The horse was splendid — it seemed to understand songs in Kannada and hymns in Sanskrit. The music moved on. I led the procession, and it went through the dust of the evening, the beauty of cooled summer streets, round the Hyder Ali Road, Mohammed Bagh, Residency Corner, Mahatma Gandhi Main-Road, and round about the clock-tower to the Hanuman temple. I was not feeling well. I did not go up to the temple. ‘Uncle Seetharamu,’ I said, ‘my chest is giving me some trouble. Do you mind if I slip out? Don’t frighten anyone. Say I have gone home to get something.’
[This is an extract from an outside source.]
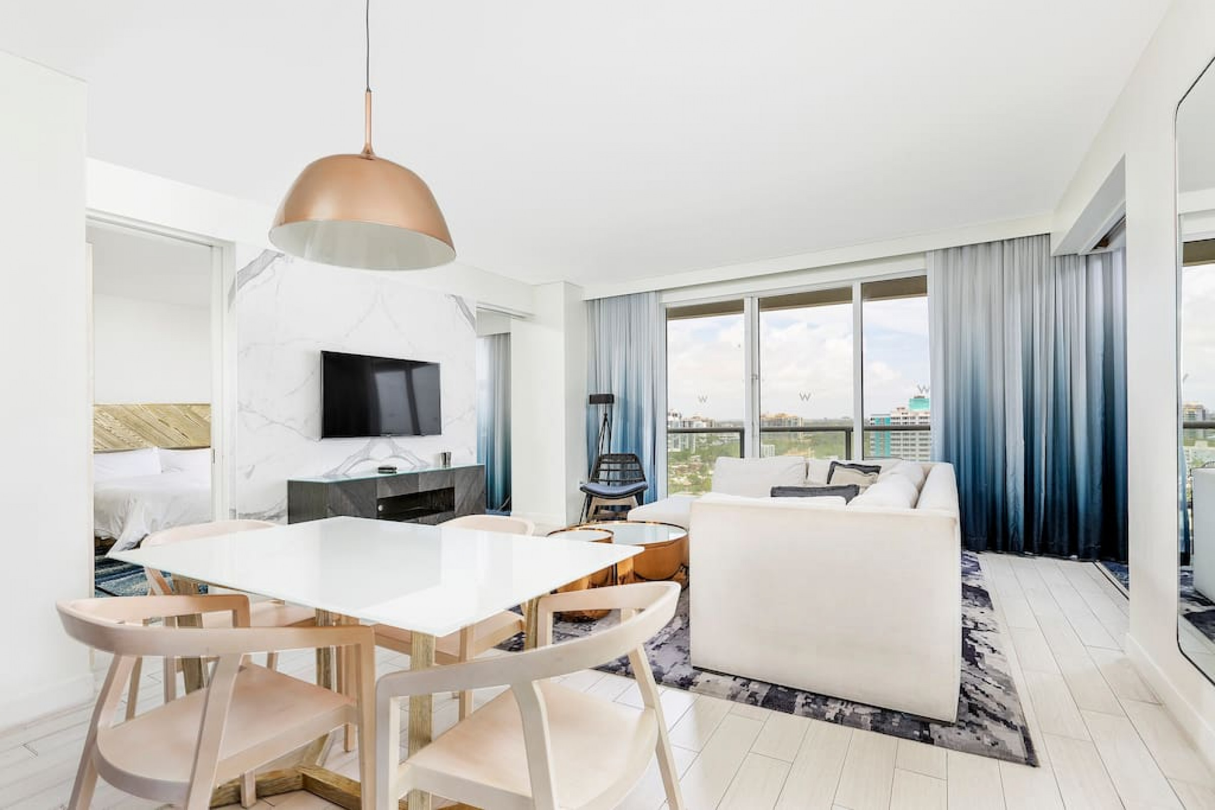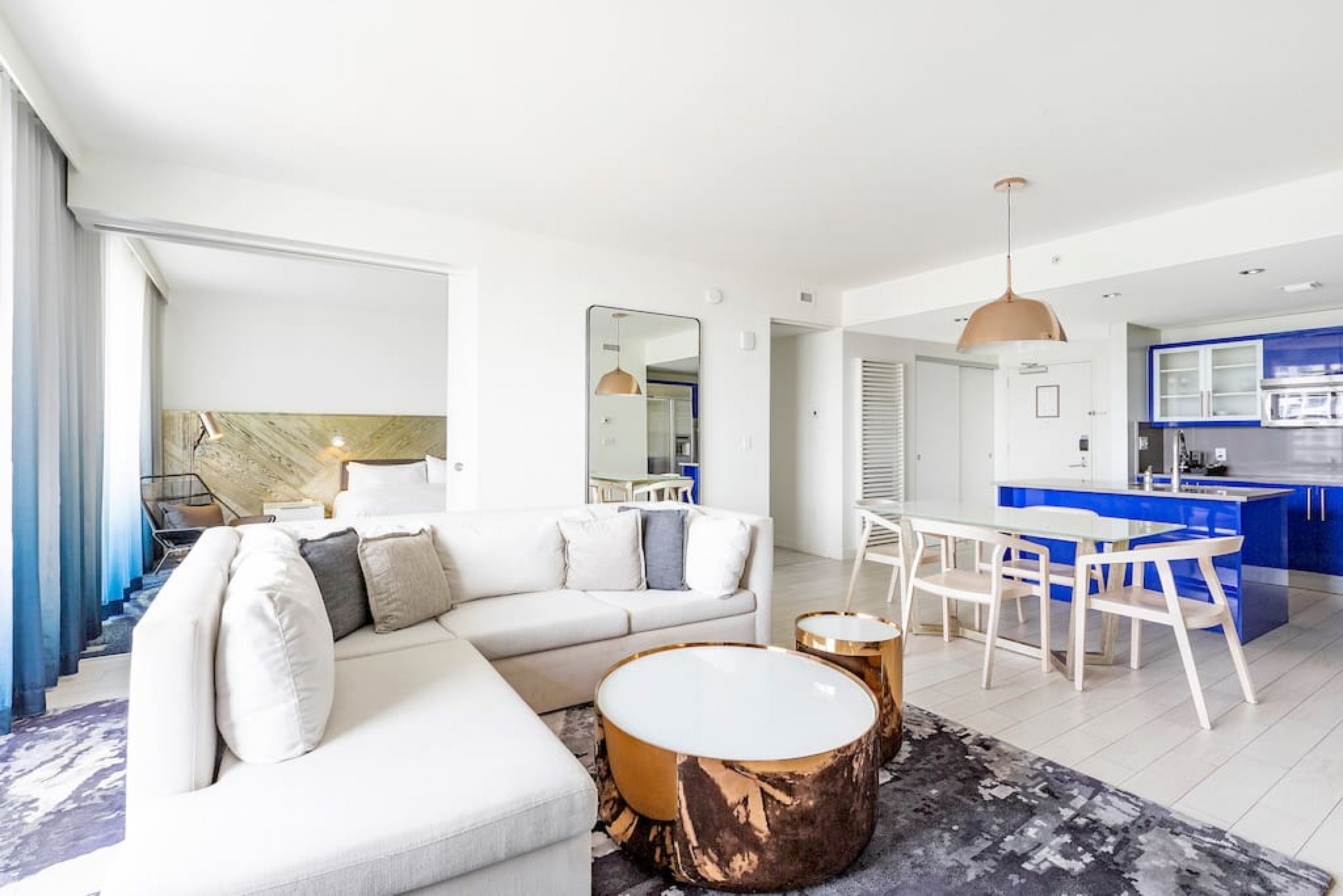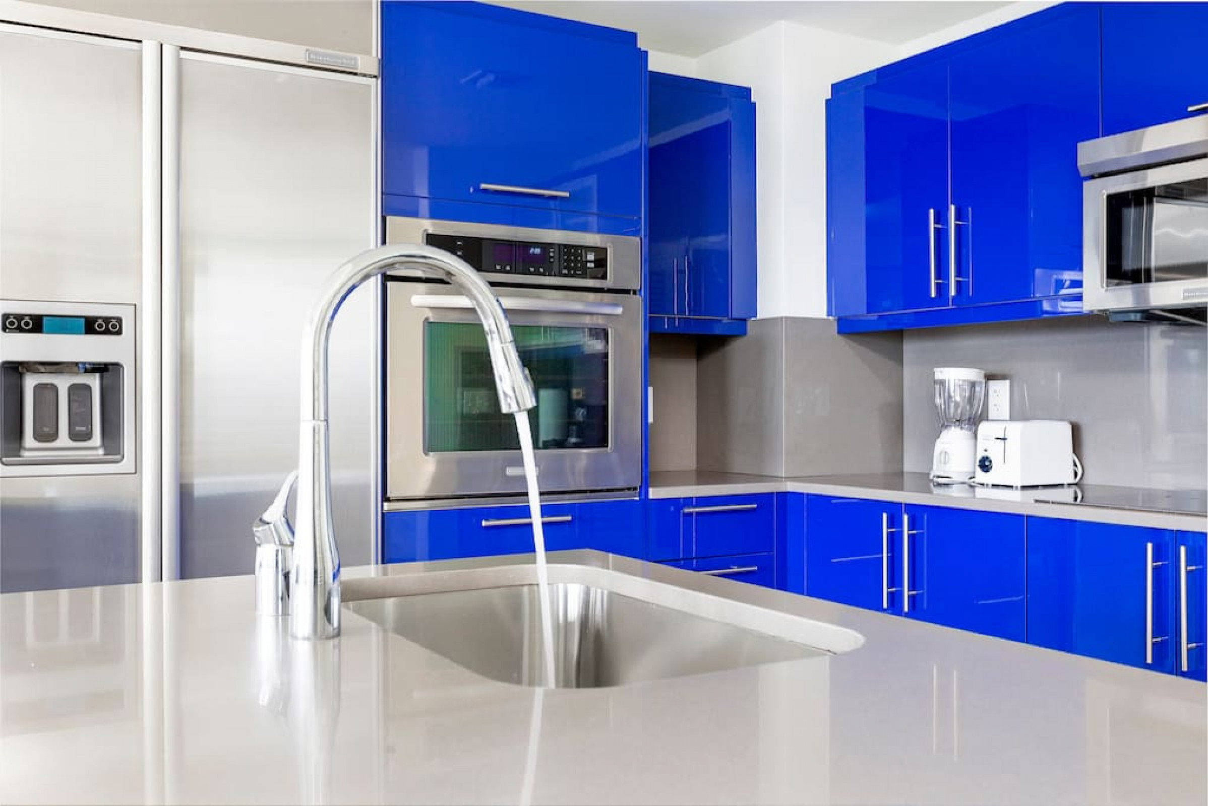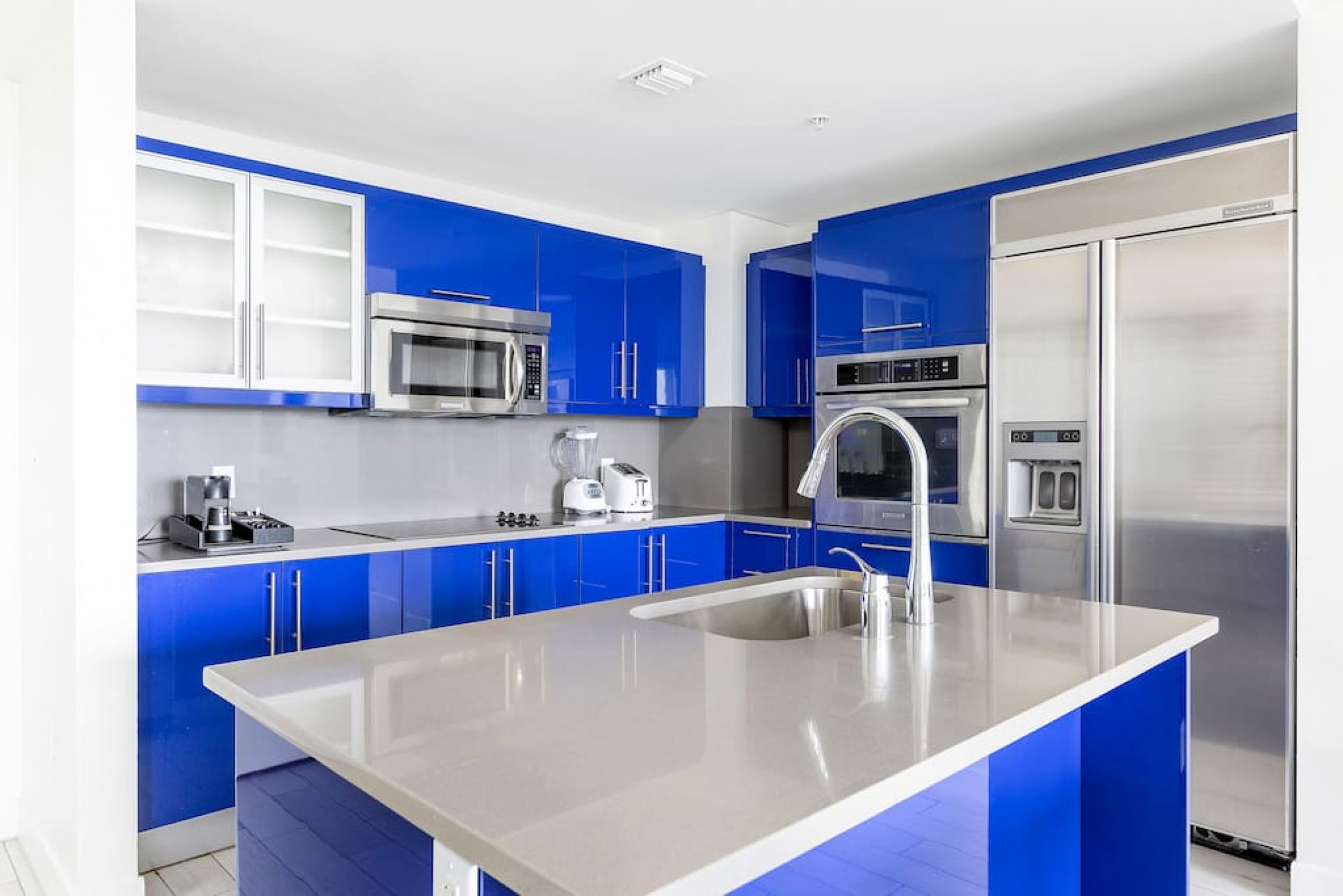 The iconic W Blue kitchen features Italian- designed cabinetry and polished designer stone countertops. It is fully equipped for your stay and features a dishwasher, garbage disposal, refrigerator, freezer, oven, microwave, coffee maker, toaster, blender, dishes, cutlery, cups, and glasses.

‘Oh, one can’t say that? It’s too inauspicious a thing to do.’
‘Then, Uncle Seetharamu, I’ll sit in one of the waiting cars.’
I slipped into Dr Sunadaram’s car; the old ladies and pregnant women were all huddled together, but they made space for me, and I sat there breathing with some difficulty. Haemoglobules after all have their own laws. I was choking, but I was the head of the family. Little Mother looked so happy: Sukumari was bright and full of fun.
It seemed an epoch before the procession came down the hill. ‘Here is some coffee for you.’ Uncle Seetharamu slipped in to warm me up. ‘I cannot give you anything stronger in front of everyone.’ I did not want anything stronger; the coffee revived me. The procession started moving again. People, common people, gathered on both sides of the street to see us pass by. How many women looked enviously at us! They had also known this, and their daughters would soon know it too. The bridegroom in his grey-green achkan, a necklace of diamonds on his chest, looked a prince. He threw two-anna pieces and four-anna pieces that his elder brother gave him — for the bridegroom’s father was dead— and the streets were smelling of flowers. When the procession turned into the bridegroom’s street, Uncle Seetharamu said, ‘Now, you can give us the slip. But come back quickly.’ A car was waiting for me on a side street; I jumped into it and went home. The whole garden was brightly lit, and was still smelling of flowers and sandal-stick. The servants and Tiger were all at the door, trying to see the procession come back. I bade them stand where they were and went in. But Tiger followed me into the veranda. The house seemed so lonely, so full of its own laral presence. For the first time I wept for Father. And Tiger went back to see the procession.
After a wash and a rest I went up the staircase slowly. ‘Saroja,’ I whispered, ‘Saroja, open the door.’
‘Is it you, Ramanna,’ she cried, as though something untoward had happened.
‘Yes, open the door,’ I begged. She was in the same sari as when I had left her, but there was no flower in her hair. She seemed to have had a wash lately, for her side locks were combed down and wet.
‘Brother, what has happened to you? You look so pale.’
‘Oh, nothing; it’s just that I am a little unwell.’
‘Lie down, Brother,’ she said, so very tenderly, and made me stretch myself on her bed. She took a fan and began fanning me. It was cool as I lay.
‘What is it you are reading?’ I asked, seeing a book half- open by my face on the pillow.